King, Willow, and Gus hold a moonlight conjuring at the Owl House, but things don't exactly go as planned. Meanwhile, Eda and Luz run into trouble of their own on a visit to the Night Market.

(or: Hooty's Moving Hassle, King of Witches style)

Notes:

Welcome back.

Originally, I was going to skip this episode entirely. Then I realized that the pacing would feel really off if I went from Covention directly into Lost In Language, considering the development that happens in LIL, so here we are! This is a last minute addition to my original outline for this season, but it gave me the opportunity to add some big changes to the AU that I'm really looking forward to!

I have the first three chapters completed, but I'm going to space out updates to give myself time to work on the fourth chapter. I'm also working on a big project for a different fandom over on Tumblr AND I'm back in school so I'm trying to balance my workload.

With all that said, let's start!

(See the end of the work for more notes.)

Chapter 1: Split Decisions

Chapter Text

“Okay, King, focus. You only have one shot to get this right.”

“I-I don’t know about this—what if I mess it up?”

“Don’t worry about that now, just concentrate.”

Squares of paper laid out on the table. 

“Now, this is important, King: when it looks like the deck is stacked against you…”

Squares of paper sliding from one hand to another, covert.

“....that’s when you break out your wild card!”

King slams the playing card down on the coffee table, making the rest of the cards already splayed out there rattle. The instant the card is down it sparks to life—bolts of electric magic springing forth and zeroing in on his opponent’s deck, catching the cards, making them kindle and burn in bursts of sparkling magic. Gus yelps, dropping his burning cards to stomp them out before the fire can spread to the carpet. 

“Ha-ha!” King throws his fists in the air. “I win!”

Willow claps politely, a big proud smile on her face. “Well done,” she praises.
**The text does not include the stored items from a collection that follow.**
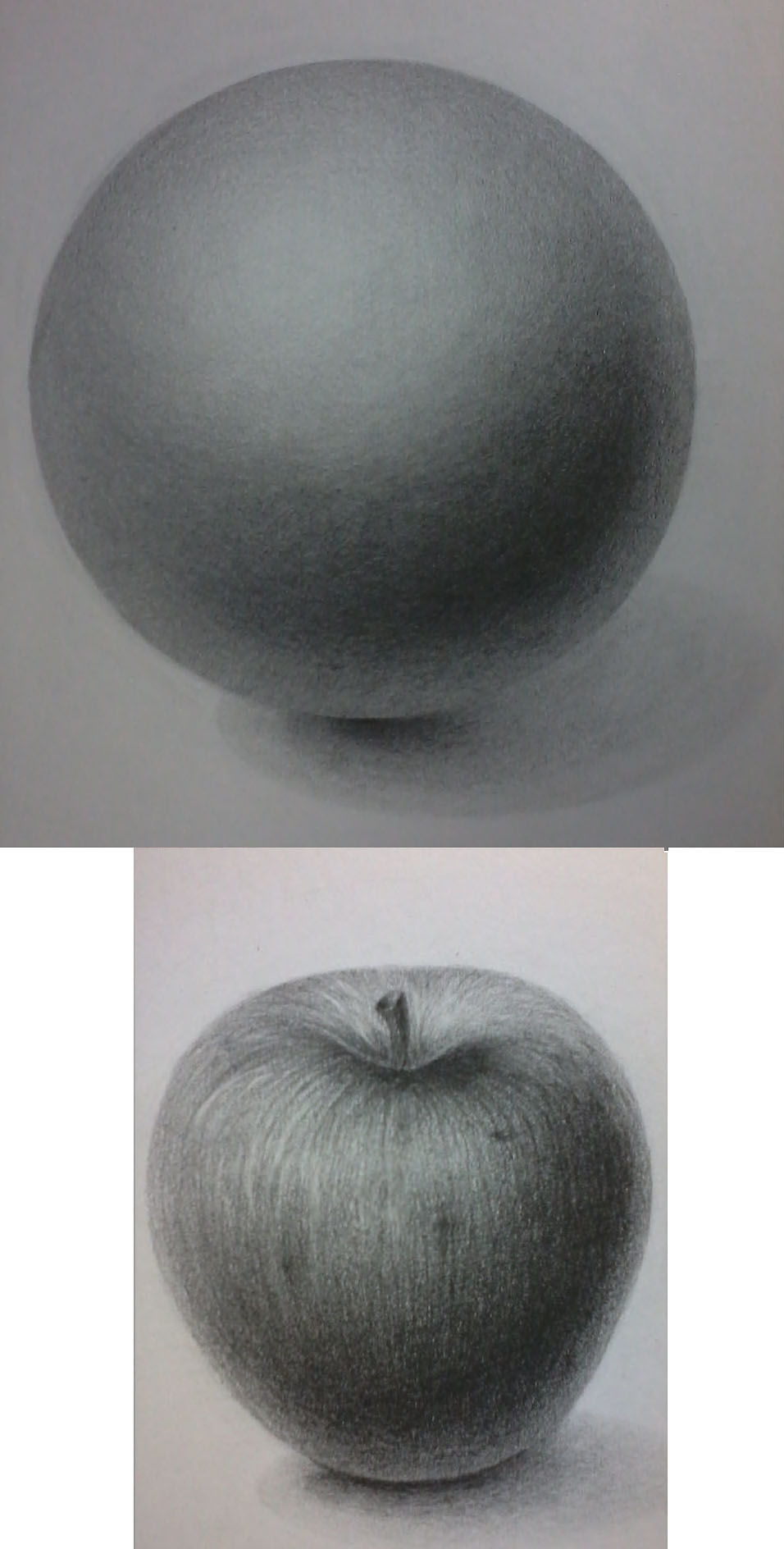 [구] 까매서 볼링공 같네요(볼링공 크기로 그렸어요;) 처음에 톤 깔때 어두운 부분을 좀 진하게 해버린 바람에 중간톤이 자연스럽지 않아서 엄청나게 선연습을 하게 됐네요..다채우느라고 그래도 사진을 찍으니 중간톤이 좀 뜬거 같은데 전체적인 명암에 대한 지적 부탁드려요~ [사과] 그리다 중간에 망했다 싶어서 새로할까 망설였습니다만 일단 완성은 했습니다.. 잘 안되는 짧은선,진한선(필압) 그리고 자세,, 의식하면서 그리다보니 그리는 중간에 뭘 그리는지 잊어버리고 말았네요;;구의 명암 표현을... 짧은선 좀 익숙해졌다 싶었더니,,세로곡선..이게 또 아예 안되서ㅜ 팔꿈치가 많이 올라가지 않도록 손목 힘으로 그려보려고 했는데요 손목에 힘이 거의 안들어가요 글씨 첨 배우는 초딩 마냥 비뚤비뚤한게. ............(손목으로 조절하는 거 맞죠?) 일단 하이라이트 지우개질 해보려고 시도는 했습니다. 세로선으루,, (왼쪽 위부분요. 보일락 말락_) 여러가지 반성할게 많고 그리는 과정을 지적 받지 못하는 것은 아쉽습니다만, 완성샷으로 보았을 때 고쳐야 할 부분은 무엇일까요? 바쁘실 텐데 언제나 성의있게 답변 주셔서 감사 하고요.. 선생님의 지적은 많은 도움이 되고 있답니다^^
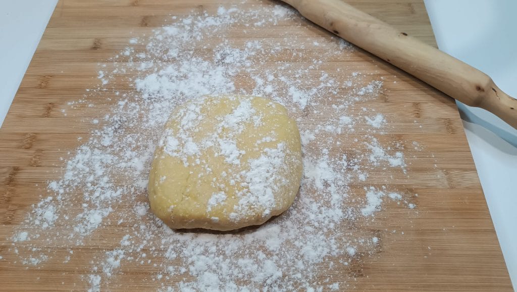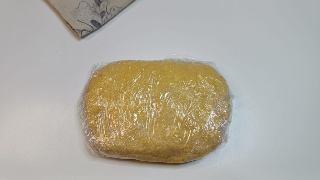 Incorporer la farine et pétrir jusqu’à former une boule qui sera enveloppée dans un film plastique.
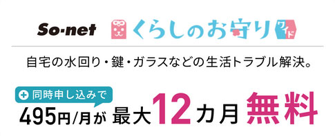 | おすすめ料金プラン (マンション) | So-net光プラス: 1~24ヶ月目 2,728円 25ヶ月目以降 4,928円 |
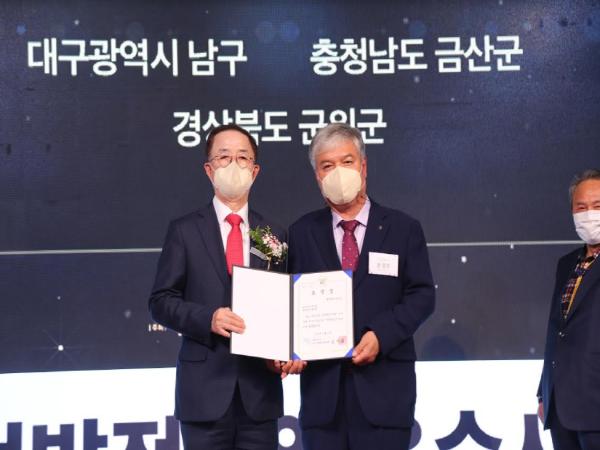 군은 지난 11일 충북 청주 그랜드플라자청주호텔에서 열린 대통령 직속 국가균형발전위원회 주최 2020년 균형발전사업 우수사례 시상식에서 우수 기관표창을 수상했다.
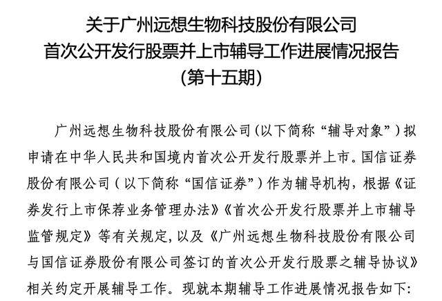瑞财经 吴文婷 近日,广州远想生物科技股份有限公司(以下简称“远想生物”)披露IPO辅导工作进展情况报告(第十五期),辅导机构为国信证券股份有限公司(以下简称“国信证券”) 。
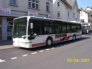 Die einzige Stadtbuslinie in Hochheim, die 826 wird von der HLB betrieben und fährt einen Ring Eltviller Strasse - Eltviller Strasse. Hier Wagen 208 am Berliner Platz wo die 46 aus Wiesbaden und die 68 aus Klein-Winternheim/Mainz enden und sich treffen. |
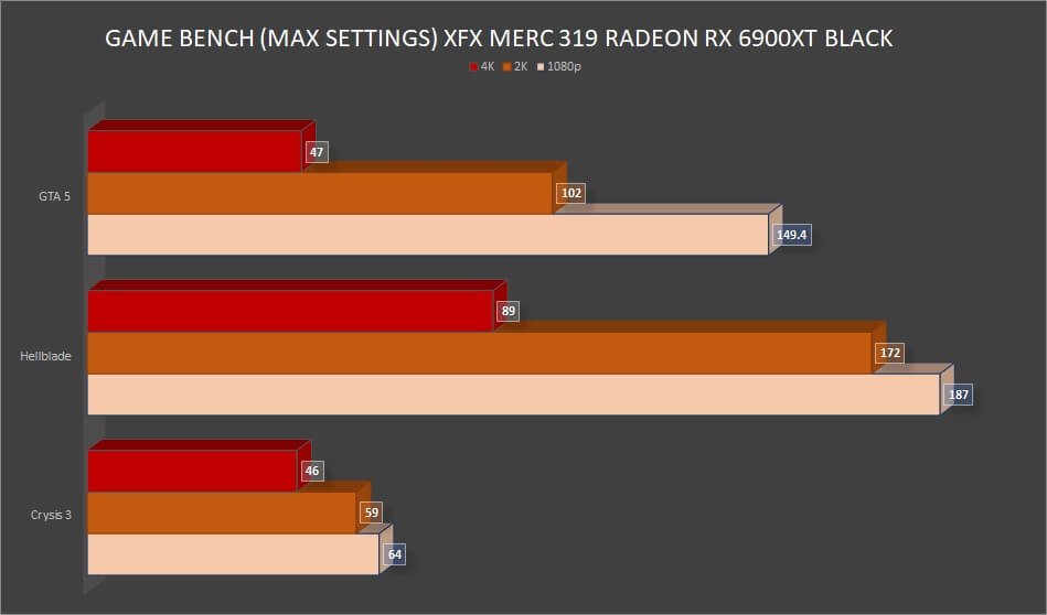 The new XFX Radeon RX 6900 XT Merc 319 Black graphics card offers better GPU frequencies than the reference design, along with a better phase power design. Although the card is quite big, the overall unit has a clean and industrial design. There is ample cooling already available on the card, starting from the triple fans, the large heat sinks, thermal pads on the PCB chips and VRM, the aluminum backplate, and more. The performance of the graphics card is very good for most of the games at 1080p, 2K, and 4K resolutions, except for a few that already is taxing on any card. Ray-tracing performance on the RX 6900 XT is decent, to say the least, and gamers will also be able to benefit from the ReBAR capability for higher framerates.
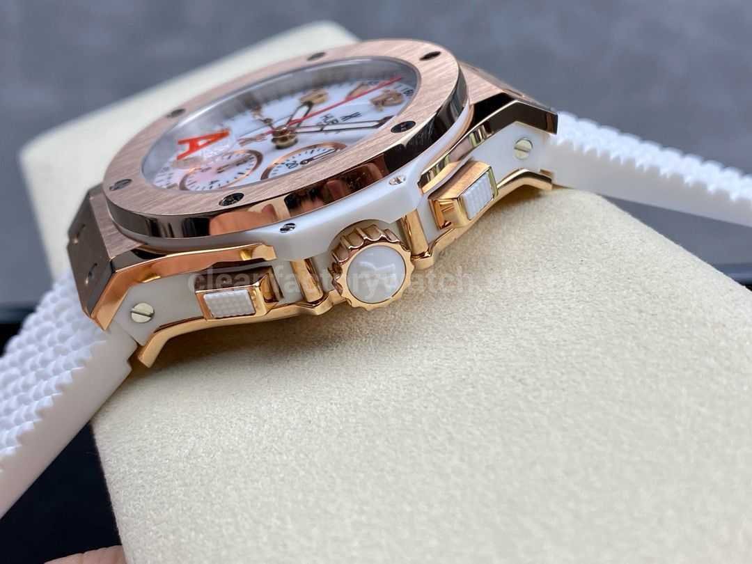 The rose gold case contrasts sharply with the white resin inserts, complemented by rose gold screws and luminous hour markers—faithfully capturing the design language of the original model.
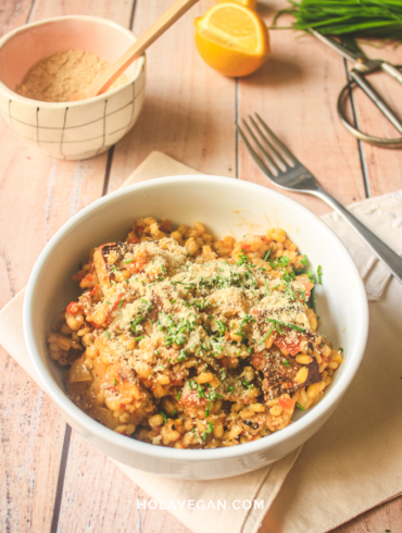 Un guisito reconfortante: una reversión del clásico “arroz con pollo” pero sin pollo y ¡sin arroz! Hecho con cebada y con tofu, pero con todo el sabor de un plato tradicional.
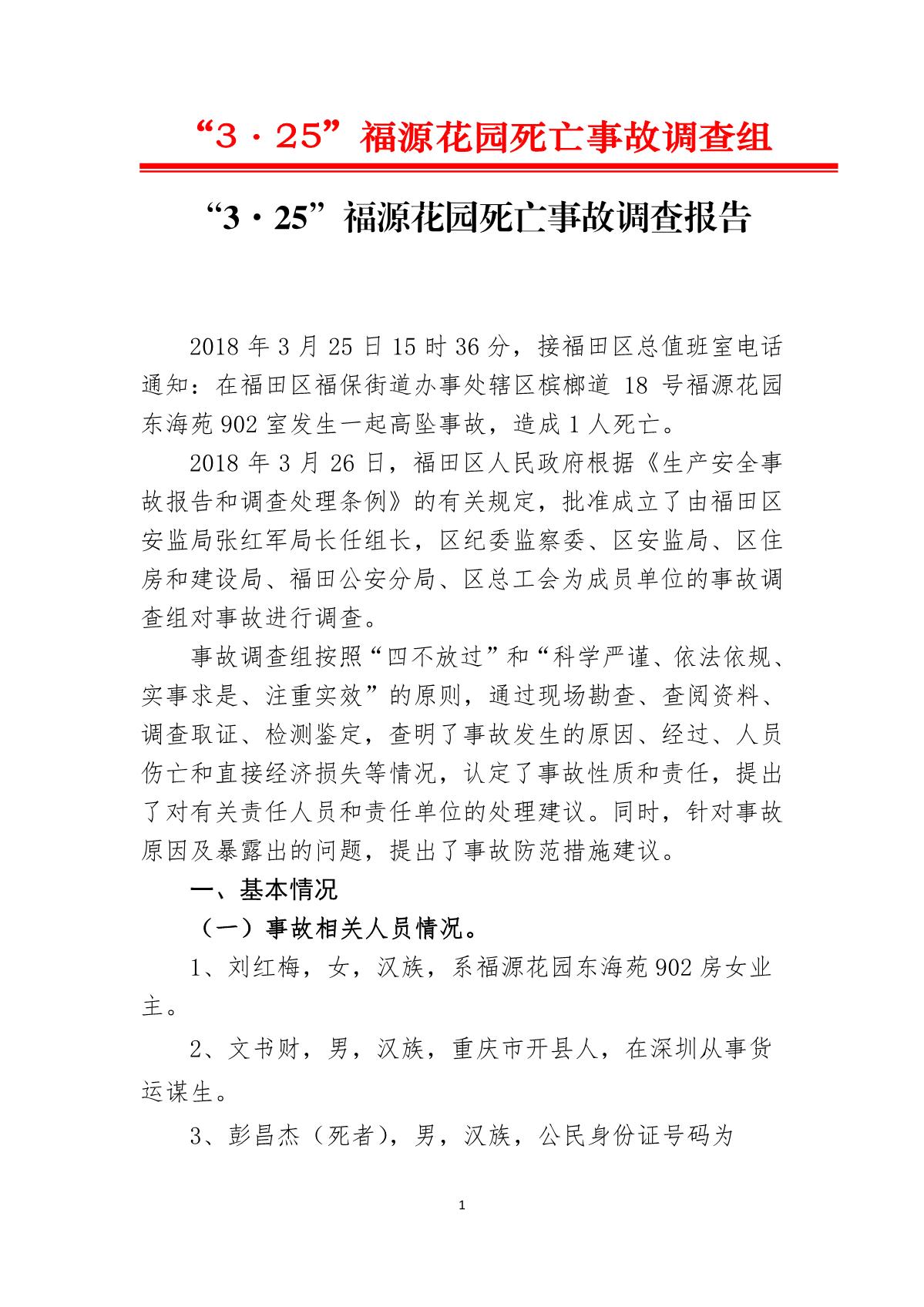 “1.18”福田區(qū)禮園工程項目死亡事故調(diào)查報告
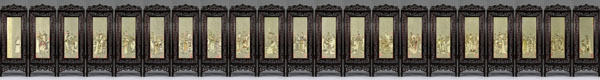 4 牙刻《三國演義圖》,作者懷著對牙刻藝術(shù)的鐘愛,對中華古老文化之敬仰,肩負時代之重托,賦予作者堅韌不撥的決心和毅力。牙刻《三國演義》創(chuàng)作靈感被點燃,博大、深遂、精致而具有鮮明文化特質(zhì)的牙刻作品自然天成,得以成就夢寐以求的作品。由微雕63萬余漢字《三國演義》全文作為灰色背景,105枚金石名章烘托出《三國演義》名著中各領(lǐng)風(fēng)騷、形象鮮明的126個主要人物。由21扇牙刻紫檀組合成3.28米長的巨型屏風(fēng),寓意著對美好21世紀(jì)的憧憬。小牙刻大題材、大系列、大氣魄、大氣象,最終產(chǎn)生巨大的震撼力。牙刻《三國演義》如此恢弘絕無僅有、前無古人。從表象看牙刻與微雕的融合、書法金石與人物的呼應(yīng)、灰色背景與墨彩的烘托,精雕紫檀與微雕牙刻的對照,而深層次看這些都是繪畫語言在牙刻藝術(shù)中的完美體現(xiàn),也突破了千余年來固守線刻傳統(tǒng)的窠臼,提升了當(dāng)今牙刻藝術(shù)的品位并注入新的活力,將牙刻從藝人勞動升華為藝術(shù)家從事的創(chuàng)作。這件作品是我歷時五年于2001年10月雕刻而成,一經(jīng)展出引起了工藝美術(shù)界高度關(guān)注,獲得了首屆中國華東工藝美術(shù)精品展金獎、第三屆國家級工藝美術(shù)大師精品展金獎、首屆中國工藝美術(shù)學(xué)會最高學(xué)術(shù)獎“華藝杯”金獎。
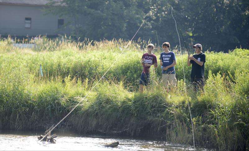 Scott Nory, Jacob Halper and Eric Longo, all 15, of Algonquin, fish in a creek near Towne Park in Algonquin Tuesday. This is all we do everyday, says Longo. Often theyll fish up to 12 hours, no matter what the weather. Halpers Grandfather taught him to fish when he was one. Nory and Longo were also taught at an early age. Halper and Longo are serious about having a career in the sport, and are already talking about running a bait shop on the Mississippi River after college.

Hexes Hold ‘Em. The trickiest card game on the Boiling Isles. Any witch worth their salt knows how to play.

At least, that’s what Willow and Gus told King when they busted out the deck half an hour ago. 

“I say that wasn’t very fair!” Gus finishes tamping down the last of the embers, drops down onto the sofa behind him, sinks slightly into the worn velvet seat. “You had Willow telling you what to do the whole time.”

“I was coaching him!” Willow insists, fists on her hips in defiance. “I am his honorary co-mentor.”

A few hours before, Willow and Gus had dropped into the Owl House for their weekly magic training session with King. Well, training session was putting it in business terms—really, they haven’t been able to accomplish all that much so far, not with only one spell to work with and no other way for King to conjure more. 

(“You can’t get more glyphs from Luz? Different ones?”

“Luz doesn’t have ‘different ones.’” King had sneered, kicked at the light glyphs spread out on the floor before him. But then his face had gone soft and in a voice grown quiet he’d added: “She says the light glyph is the only glyph she knows how to find.”)

Finally, after hours of floundering around experimenting with light spells (read: using them to create increasingly incomprehensible shadow puppets), the three were in the middle of a well-deserved break. “You don’t need magic to enjoy a good round of Hexes Hold ‘Em,” Gus had suggested, with a smile and a wink. 

King gathers his cards back into a haphazard deck, running his fingers over the muted colors of the illustrations printed on them. They’re pretty, in a gruesome way: eyeballs and ghouls and towers collapsing into flames. “That was fun,” he finds himself saying, then frowns—suddenly he wants to say You guys are fun, but he stops himself, presses his mouth shut. Where did that come from?

“Was I right or was I right?” Gus leans back on the sofa, crossing his arms behind his head cockily, a goofy look of pretend smugness on his face. “Willow and I know how to bring on the party, don’t we, Willow?” 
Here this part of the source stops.